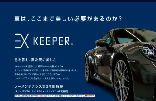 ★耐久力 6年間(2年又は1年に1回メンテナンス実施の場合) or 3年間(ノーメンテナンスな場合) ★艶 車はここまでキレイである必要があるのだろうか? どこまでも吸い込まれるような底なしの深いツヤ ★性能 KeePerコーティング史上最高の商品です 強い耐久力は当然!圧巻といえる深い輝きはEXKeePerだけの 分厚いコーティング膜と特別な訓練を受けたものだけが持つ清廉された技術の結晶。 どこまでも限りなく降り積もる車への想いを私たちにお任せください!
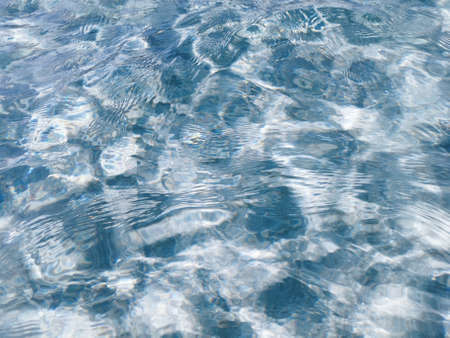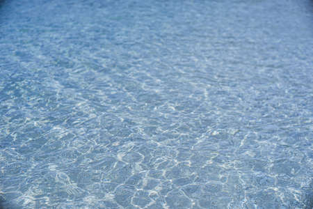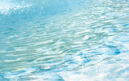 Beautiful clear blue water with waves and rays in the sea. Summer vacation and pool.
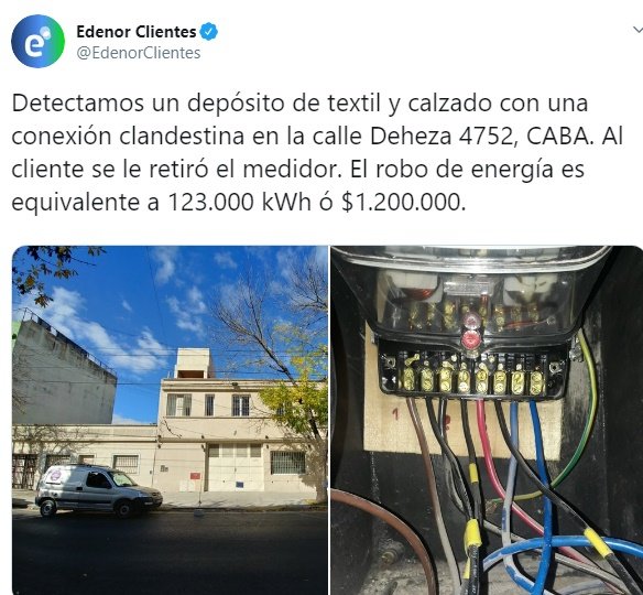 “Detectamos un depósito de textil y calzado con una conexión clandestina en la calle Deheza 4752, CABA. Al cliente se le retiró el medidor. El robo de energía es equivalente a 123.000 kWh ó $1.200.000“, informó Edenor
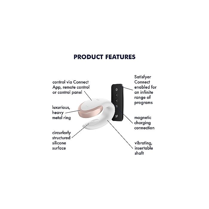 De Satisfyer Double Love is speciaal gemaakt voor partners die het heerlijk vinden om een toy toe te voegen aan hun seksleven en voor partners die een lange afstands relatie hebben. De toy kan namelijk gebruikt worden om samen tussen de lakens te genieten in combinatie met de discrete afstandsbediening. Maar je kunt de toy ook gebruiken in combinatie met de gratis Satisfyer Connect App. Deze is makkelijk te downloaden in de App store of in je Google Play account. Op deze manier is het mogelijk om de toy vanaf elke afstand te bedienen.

**About this exercise**: Would you write out exactly the lines above, starting at the line containing "Beautiful clear blue" and stopping after the line containing "un depósito de"? Omit the pictures.

**Answer area**:
 Beautiful clear blue water with waves and rays in the sea. Summer vacation and pool.
 “Detectamos un depósito de textil y calzado con una conexión clandestina en la calle Deheza 4752, CABA. Al cliente se le retiró el medidor. El robo de energía es equivalente a 123.000 kWh ó $1.200.000“, informó Edenor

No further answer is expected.